Da sie mir bei meinem Vorhaben im Weg stand, fasste ich sie kurz an den Schultern, um sie beiseitezuschieben, aber sie zuckte dermaßen zusammen, dass ich die freundlich gemeinte Geste sofort bereute. »Tut mir so leid! Habe ich dir wehgetan?«

»Nein, kein Problem!« Sie lächelte wieder nervös, ging aber wenigstens ins Haus und ließ mich den Koffer die letzten Stufen hinauf und in den Flur wuchten. Ich schloss die Tür unserer Parterrewohnung auf. Drinnen pfiff James den Song Great Marlborough Street, an dem sie bei den Proben momentan arbeiteten. Sarah zuckte zusammen und machte einen Schritt rückwärts. Beinahe wäre sie über eine der Taschen gefallen und konnte sich gerade noch abfangen.

»Alles klar?«

»Kein Problem. Ich warte hier.«

»Jetzt komm einfach herein!« Langsam verlor ich dann doch ein wenig die Geduld. Was hatte sie nur? War sie traumatisiert vom Unfall? Lange zurückliegen konnte er nicht, da das Farbenspiel der Prellungen in ihrem Gesicht erst bei Rot war.

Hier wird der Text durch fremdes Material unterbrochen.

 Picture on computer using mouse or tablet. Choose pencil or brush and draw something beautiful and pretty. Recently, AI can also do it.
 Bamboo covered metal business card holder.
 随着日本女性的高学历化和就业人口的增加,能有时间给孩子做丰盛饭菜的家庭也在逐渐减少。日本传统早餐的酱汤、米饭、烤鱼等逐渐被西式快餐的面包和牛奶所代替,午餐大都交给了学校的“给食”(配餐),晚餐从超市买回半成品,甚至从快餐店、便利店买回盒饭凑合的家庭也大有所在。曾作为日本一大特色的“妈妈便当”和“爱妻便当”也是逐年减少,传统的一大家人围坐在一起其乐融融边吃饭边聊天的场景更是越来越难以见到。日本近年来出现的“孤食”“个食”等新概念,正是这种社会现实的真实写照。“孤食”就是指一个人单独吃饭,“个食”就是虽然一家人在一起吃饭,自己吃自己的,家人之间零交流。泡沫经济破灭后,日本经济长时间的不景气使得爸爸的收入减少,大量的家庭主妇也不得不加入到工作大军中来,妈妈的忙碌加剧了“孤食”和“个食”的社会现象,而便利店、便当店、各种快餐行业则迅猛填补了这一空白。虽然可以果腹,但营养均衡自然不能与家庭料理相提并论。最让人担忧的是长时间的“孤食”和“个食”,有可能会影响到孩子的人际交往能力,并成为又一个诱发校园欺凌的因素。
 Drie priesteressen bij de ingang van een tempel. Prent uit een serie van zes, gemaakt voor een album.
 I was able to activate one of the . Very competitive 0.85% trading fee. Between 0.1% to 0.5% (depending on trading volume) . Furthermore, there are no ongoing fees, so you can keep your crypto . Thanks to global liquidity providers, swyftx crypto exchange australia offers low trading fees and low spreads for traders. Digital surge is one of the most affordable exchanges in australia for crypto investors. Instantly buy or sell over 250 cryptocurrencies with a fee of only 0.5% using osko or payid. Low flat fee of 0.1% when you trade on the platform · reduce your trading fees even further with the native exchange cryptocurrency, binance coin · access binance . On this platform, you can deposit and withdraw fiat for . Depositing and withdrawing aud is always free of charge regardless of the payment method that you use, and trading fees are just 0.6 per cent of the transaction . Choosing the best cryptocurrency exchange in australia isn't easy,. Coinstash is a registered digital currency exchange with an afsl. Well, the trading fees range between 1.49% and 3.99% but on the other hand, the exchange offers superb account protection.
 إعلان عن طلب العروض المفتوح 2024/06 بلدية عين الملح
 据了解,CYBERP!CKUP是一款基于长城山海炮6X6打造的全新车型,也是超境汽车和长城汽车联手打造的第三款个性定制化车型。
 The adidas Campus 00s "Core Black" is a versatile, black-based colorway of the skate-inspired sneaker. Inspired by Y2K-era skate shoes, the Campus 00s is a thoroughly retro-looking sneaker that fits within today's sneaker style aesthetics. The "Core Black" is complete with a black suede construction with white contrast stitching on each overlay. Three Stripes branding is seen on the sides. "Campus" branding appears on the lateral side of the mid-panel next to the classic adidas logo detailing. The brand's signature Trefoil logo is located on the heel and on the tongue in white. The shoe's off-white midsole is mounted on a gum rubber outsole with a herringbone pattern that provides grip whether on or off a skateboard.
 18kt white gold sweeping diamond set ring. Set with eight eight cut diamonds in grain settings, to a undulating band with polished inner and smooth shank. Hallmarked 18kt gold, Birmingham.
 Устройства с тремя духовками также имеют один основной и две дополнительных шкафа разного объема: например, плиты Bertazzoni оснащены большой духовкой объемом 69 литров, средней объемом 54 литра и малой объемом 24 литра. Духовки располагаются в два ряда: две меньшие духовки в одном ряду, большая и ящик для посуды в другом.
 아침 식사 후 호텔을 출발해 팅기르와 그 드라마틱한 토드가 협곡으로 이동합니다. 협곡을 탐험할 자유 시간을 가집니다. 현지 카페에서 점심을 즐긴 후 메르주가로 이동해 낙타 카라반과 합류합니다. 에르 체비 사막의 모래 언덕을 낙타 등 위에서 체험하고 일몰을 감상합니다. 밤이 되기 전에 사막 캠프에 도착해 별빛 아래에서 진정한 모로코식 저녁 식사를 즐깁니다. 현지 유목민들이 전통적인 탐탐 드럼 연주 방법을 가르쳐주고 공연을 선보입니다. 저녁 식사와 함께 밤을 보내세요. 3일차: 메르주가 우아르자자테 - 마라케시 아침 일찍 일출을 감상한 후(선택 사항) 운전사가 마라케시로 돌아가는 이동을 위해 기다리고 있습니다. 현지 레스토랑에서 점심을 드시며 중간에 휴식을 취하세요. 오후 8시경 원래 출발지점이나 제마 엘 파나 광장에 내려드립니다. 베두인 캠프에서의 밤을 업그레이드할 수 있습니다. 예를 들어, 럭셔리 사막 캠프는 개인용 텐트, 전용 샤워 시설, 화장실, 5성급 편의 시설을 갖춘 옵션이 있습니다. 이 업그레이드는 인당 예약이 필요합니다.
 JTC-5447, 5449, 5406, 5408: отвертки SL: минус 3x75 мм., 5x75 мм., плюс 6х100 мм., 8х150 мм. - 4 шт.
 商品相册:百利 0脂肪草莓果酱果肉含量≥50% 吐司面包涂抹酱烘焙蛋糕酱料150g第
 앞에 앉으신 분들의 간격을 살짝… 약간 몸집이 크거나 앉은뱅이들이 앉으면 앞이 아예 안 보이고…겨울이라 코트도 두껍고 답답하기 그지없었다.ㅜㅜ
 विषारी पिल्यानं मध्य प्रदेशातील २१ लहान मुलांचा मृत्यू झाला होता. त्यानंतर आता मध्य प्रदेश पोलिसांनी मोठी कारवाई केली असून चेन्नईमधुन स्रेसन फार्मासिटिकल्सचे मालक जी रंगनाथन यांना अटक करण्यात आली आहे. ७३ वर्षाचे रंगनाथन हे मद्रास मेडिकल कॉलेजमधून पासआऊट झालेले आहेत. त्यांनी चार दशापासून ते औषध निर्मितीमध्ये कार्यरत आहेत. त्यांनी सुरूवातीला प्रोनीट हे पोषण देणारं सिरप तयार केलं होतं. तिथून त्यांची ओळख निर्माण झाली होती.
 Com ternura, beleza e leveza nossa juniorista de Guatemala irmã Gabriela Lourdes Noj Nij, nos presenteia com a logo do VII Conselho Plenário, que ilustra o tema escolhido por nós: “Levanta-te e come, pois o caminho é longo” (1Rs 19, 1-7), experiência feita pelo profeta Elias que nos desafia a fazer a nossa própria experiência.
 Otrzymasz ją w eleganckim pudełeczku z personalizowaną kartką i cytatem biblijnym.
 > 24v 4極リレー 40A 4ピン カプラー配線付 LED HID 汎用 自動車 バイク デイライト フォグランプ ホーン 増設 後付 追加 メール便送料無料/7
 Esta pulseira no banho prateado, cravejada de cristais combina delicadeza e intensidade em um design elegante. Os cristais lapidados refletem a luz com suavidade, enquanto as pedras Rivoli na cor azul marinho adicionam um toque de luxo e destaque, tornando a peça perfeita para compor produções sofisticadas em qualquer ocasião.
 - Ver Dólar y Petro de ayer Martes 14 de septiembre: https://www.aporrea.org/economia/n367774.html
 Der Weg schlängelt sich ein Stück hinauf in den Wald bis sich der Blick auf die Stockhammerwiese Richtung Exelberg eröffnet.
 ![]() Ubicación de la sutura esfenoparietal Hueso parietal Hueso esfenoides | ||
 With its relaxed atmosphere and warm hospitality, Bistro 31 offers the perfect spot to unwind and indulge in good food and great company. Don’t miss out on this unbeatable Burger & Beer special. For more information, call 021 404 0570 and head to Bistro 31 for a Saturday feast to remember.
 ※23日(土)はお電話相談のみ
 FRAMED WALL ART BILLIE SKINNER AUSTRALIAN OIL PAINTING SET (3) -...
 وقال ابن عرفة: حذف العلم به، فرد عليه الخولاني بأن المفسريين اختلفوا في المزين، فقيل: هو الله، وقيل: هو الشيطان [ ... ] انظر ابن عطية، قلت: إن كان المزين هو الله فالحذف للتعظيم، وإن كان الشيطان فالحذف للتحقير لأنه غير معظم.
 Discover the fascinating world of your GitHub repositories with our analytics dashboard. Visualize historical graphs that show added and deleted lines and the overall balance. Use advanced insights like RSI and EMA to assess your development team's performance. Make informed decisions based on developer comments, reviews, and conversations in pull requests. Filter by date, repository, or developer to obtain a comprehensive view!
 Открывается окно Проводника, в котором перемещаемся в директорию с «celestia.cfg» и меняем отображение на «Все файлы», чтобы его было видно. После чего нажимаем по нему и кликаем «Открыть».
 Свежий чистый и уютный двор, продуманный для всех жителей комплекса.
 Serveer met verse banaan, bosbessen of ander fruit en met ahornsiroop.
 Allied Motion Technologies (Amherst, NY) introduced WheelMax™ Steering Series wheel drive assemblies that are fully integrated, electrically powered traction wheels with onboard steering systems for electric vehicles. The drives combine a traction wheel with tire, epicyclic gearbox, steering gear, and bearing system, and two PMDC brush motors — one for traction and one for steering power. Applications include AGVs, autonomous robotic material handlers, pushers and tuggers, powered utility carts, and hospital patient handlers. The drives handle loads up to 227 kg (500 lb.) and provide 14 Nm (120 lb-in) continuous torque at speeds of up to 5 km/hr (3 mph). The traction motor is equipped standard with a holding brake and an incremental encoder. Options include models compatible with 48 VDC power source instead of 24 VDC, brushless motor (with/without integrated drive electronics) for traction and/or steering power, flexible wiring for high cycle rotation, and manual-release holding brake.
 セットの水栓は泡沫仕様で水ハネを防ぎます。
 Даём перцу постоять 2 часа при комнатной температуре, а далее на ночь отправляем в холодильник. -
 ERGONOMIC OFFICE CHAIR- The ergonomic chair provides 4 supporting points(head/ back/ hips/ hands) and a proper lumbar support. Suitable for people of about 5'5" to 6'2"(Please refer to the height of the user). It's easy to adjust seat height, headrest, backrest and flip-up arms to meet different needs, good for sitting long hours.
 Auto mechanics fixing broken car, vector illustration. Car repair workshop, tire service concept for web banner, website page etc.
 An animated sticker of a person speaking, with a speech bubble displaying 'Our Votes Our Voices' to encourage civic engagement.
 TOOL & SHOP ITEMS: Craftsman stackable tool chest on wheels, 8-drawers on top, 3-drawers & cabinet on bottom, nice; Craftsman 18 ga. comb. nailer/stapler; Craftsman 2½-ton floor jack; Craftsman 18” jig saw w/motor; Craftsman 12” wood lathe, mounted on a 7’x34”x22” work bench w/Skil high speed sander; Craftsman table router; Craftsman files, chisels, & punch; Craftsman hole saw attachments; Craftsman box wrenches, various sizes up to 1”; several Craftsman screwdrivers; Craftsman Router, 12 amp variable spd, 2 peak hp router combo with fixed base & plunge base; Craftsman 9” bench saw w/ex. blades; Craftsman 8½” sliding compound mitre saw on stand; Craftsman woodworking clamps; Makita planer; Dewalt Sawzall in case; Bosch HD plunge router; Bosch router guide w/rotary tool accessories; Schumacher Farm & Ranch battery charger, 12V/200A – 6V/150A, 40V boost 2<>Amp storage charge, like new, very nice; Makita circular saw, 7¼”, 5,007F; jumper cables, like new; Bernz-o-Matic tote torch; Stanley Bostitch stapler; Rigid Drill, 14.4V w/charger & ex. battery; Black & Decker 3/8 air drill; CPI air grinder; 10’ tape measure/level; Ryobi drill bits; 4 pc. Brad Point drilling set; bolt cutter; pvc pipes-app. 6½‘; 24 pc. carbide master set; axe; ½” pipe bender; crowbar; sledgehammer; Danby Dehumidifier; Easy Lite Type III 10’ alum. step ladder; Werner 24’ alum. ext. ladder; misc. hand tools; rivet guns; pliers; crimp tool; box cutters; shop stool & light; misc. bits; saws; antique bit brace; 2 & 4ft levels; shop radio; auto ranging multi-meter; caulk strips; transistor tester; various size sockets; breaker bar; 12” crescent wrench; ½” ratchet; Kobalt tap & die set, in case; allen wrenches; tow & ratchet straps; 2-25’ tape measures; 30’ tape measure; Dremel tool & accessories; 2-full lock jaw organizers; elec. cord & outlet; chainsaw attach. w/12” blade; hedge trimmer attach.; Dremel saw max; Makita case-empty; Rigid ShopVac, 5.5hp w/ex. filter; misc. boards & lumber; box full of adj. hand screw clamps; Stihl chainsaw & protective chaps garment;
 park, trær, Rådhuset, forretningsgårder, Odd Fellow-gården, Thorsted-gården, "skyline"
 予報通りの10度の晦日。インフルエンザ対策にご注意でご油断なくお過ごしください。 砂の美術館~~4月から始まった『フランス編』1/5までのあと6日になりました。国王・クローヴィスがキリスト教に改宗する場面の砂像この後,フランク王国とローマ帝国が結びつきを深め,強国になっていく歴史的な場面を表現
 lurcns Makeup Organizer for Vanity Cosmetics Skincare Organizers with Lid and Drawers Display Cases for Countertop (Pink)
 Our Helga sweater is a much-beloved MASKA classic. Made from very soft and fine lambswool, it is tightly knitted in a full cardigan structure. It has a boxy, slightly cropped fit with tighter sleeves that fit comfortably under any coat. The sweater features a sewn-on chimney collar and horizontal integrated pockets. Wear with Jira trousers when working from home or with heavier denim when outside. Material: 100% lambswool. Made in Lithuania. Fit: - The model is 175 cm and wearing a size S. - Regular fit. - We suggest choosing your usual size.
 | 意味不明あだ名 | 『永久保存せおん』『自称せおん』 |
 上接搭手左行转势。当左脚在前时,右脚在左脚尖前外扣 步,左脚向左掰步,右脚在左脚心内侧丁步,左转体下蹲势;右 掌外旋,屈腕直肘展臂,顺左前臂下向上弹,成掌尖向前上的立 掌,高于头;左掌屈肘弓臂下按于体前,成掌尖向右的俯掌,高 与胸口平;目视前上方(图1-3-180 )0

Blau, Grün, Gelb und Braun hatte sie noch vor sich, die Ärmste! Mein Mitleid überwog, und ich ging in die nächste Runde, indem ich ihren Koffer in unsere Wohnung zog und auch die beiden Reisetaschen hereinholte. Zögerlich kam sie hinter mir her, blieb aber mit erschrockenem Gesichtsausdruck auf der Schwelle stehen.

Ich folgte ihrem Blick und sah James, der den Kopf aus der Küche streckte und über mich lachte. »Wie siehst du denn aus?«

»Bescheuert wie immer, wenn ich vom Friseur komme. Eigentlich soll sie nur unten drei Zentimeter abschneiden, aber sie föhnt sich danach immer etwas zurecht, mit dem ich echt nicht unter normale Leute kann. Nur um den Einheitspreis zu rechtfertigen.« Ich drehte mich zu Sarah. »Das ist übrigens James. Und das ist Sarah. Sie wartet hier, bis Sean nach Hause kommt.«

»Hi, Sarah!« James hob lässig die Hand und verschwand wieder in der Küche, die er pfeifend weiterputzte. Auf mich lauerten auch noch Staubsauger und Bodenwischer. Darrel hingegen hatte seinen Anteil am gemeinsamen samstäglichen Putzen, das Bad, bereits am Freitagabend erledigt, weil er heute arbeiten musste.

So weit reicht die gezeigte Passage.